» Description of the task
Exactly reproduce the lines of the listing below from the one containing "Smart hør kjole" through the one containing "U Tablici 1". Skip the images.

*** Material for this exercise ***

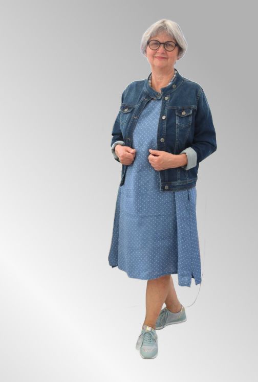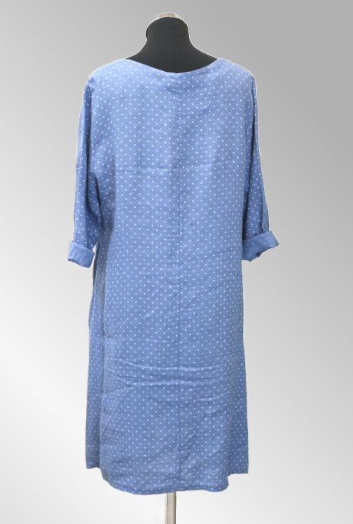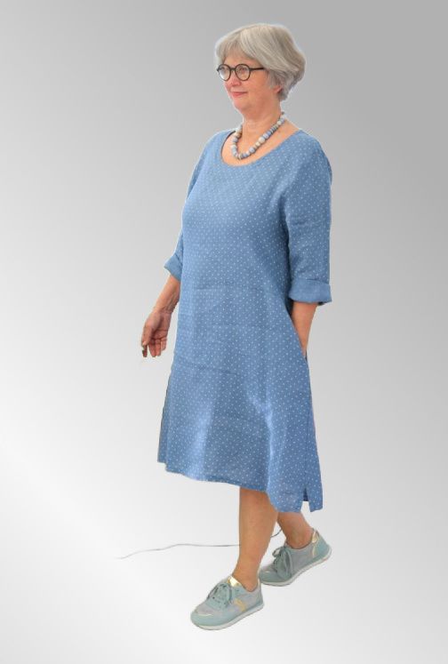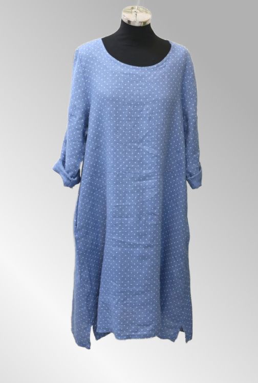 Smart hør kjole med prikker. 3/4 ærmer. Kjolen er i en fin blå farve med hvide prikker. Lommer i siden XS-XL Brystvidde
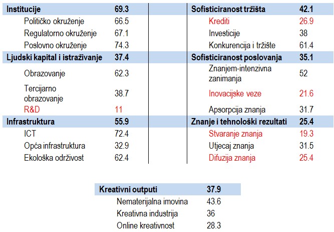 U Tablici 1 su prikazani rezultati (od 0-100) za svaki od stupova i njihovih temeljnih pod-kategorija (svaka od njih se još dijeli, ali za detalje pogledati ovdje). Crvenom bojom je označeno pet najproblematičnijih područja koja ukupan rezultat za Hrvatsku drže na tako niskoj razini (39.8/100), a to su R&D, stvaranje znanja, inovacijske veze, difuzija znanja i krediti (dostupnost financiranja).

***
*** Material for this exercise ***

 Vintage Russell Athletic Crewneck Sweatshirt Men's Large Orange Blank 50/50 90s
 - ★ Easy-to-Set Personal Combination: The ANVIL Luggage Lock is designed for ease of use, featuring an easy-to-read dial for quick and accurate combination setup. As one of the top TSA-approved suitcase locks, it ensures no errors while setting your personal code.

***

» Response area
 Smart hør kjole med prikker. 3/4 ærmer. Kjolen er i en fin blå farve med hvide prikker. Lommer i siden XS-XL Brystvidde
 U Tablici 1 su prikazani rezultati (od 0-100) za svaki od stupova i njihovih temeljnih pod-kategorija (svaka od njih se još dijeli, ali za detalje pogledati ovdje). Crvenom bojom je označeno pet najproblematičnijih područja koja ukupan rezultat za Hrvatsku drže na tako niskoj razini (39.8/100), a to su R&D, stvaranje znanja, inovacijske veze, difuzija znanja i krediti (dostupnost financiranja).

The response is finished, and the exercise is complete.